COMPARATIVE STUDY
JOURNAL ARTICLE

Postural responses to dynamic perturbations in amputee fallers versus nonfallers: a comparative study with able-bodied subjects

Natalie Vanicek, Siobhan Strike, Lars McNaughton, Remco Polman
Archives of Physical Medicine and Rehabilitation 2009, 90 (6): 1018-25
19480879

OBJECTIVES: To quantify postural responses in amputee fallers versus nonfallers by using computerized dynamic posturography.

DESIGN: All participants completed standard protocols on the Sensory Organization Test (SOT) and Motor Control Test (MCT) of the NeuroCom Equitest.

SETTING: Human performance laboratory in a university in the United Kingdom.

PARTICIPANTS: Transtibial amputees (n=9) and able-bodied subjects (n=9) (all categorized into fallers and nonfallers according to their falls history in the previous 9 mo).

INTERVENTIONS: Not applicable.

MAIN OUTCOME MEASURES: Equilibrium and strategy scores on the SOT. Postural response latency and weight distribution on the MCT.

RESULTS: Equilibrium scores were highest when somatosensory information was accurate, but there were no differences between the groups.
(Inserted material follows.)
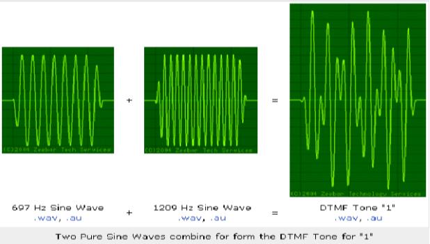 從組合原理看,其從高低頻群中任意抽出2種頻率信號組合來進行編碼,所以又稱為“雙音”;又因它采用了8種不同的單音頻信號,故稱之為“多頻”;

Strategy scores were lower when visual cues and somatosensory information were inaccurate, and the fallers and nonfallers used a combination of ankle and hip strategies to prevent a loss of balance. The amputee nonfallers indicated they had a greater reliance on visual input even when it was inaccurate compared with the amputee fallers, whereas the control fallers used the hip strategy significantly more compared with the control nonfallers (SOT condition 6: 56+/-22 vs 72+/-10, P=.01). Weight distribution symmetry showed that the amputee nonfallers bore significantly more weight through their intact limb compared with the amputee fallers during backward and forward translations (P<.05).

CONCLUSIONS: The SOT and MCT appeared to be population specific and therefore did not reliably identify fallers among transtibial amputees or distinguish between community-dwelling control fallers and nonfallers. Amputee and control fallers can prevent a fall during challenging static and dynamic conditions by adapting their neuromuscular responses. The results from this study have important implications for amputee gait rehabilitation, falls prevention, and treatment programs.